Both the bride and groom survived, and in an emotional interview with local broadcaster TOLOnews the distraught groom, Mirwais Alani, said their lives were devastated within seconds.
A sharply worded Taliban statement questioned why the US failed to identify the attackers in advance. Another Taliban statement marking the Independence Day said to "leave Afghanistan to the Afghans." More than anything in its nearly year-long negotiations with the US, the Taliban want some 20,000 US and allied forces to withdraw from the country.
The US envoy in talks with the Taliban, Zalmay Khalilzad, on Sunday said the peace process should be accelerated to help Afghanistan defeat the Daesh affiliate.
But Ghani on Monday asserted that the Taliban, whom the US now hopes will help to curb the Daesh affiliate's rise, are just as much to blame. His government is openly frustrated at being sidelined from the US talks with the insurgent group, which regards the Afghan government as a US puppet.
Men prepare the coffins in a burial ceremony of the victims of a blast in a wedding in Kabul. Reuters
The Taliban "have created the platform for terrorists" with its own brutal assaults on schools, mosques and other public places over the years, the president said.

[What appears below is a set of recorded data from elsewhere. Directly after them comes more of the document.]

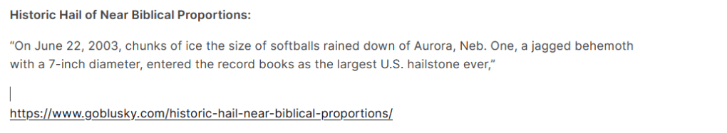 Moral of the Story: There is a Death from Hail … and there is a Death from Hell
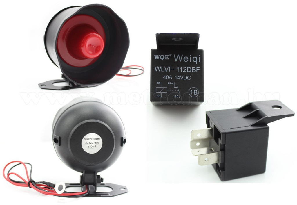 • 1db 6 tónusú sziréna (12VDC - 20W)
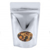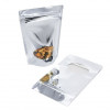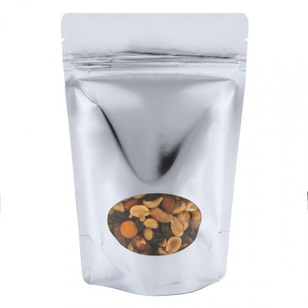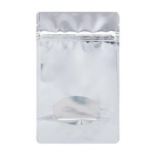 Standbodenbeutel Silber 13x7x20,5cm | 113 Gramm mit ovalem Fenster (100 Stück) [ZBGMO3S]
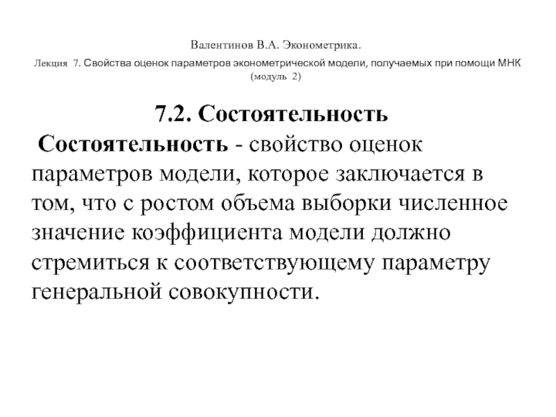 Валентинов В.А. Эконометрика. Лекция 7. Свойства оценок параметров эконометрической модели, получаемых при помощи МНК (модуль 2)7.2.

More than 32,000 civilians in Afghanistan have been killed in the past decade, the United Nations said earlier this year. More children were killed last year — 927 — than in any other over the past decade by all actors, the UN said, including in operations against insurgent hideouts carried out international forces.
"We will take revenge for every civilian drop of blood," Ghani declared. "Our struggle will continue against (Daesh), we will take revenge and will root them out." He urged the international community to join those efforts.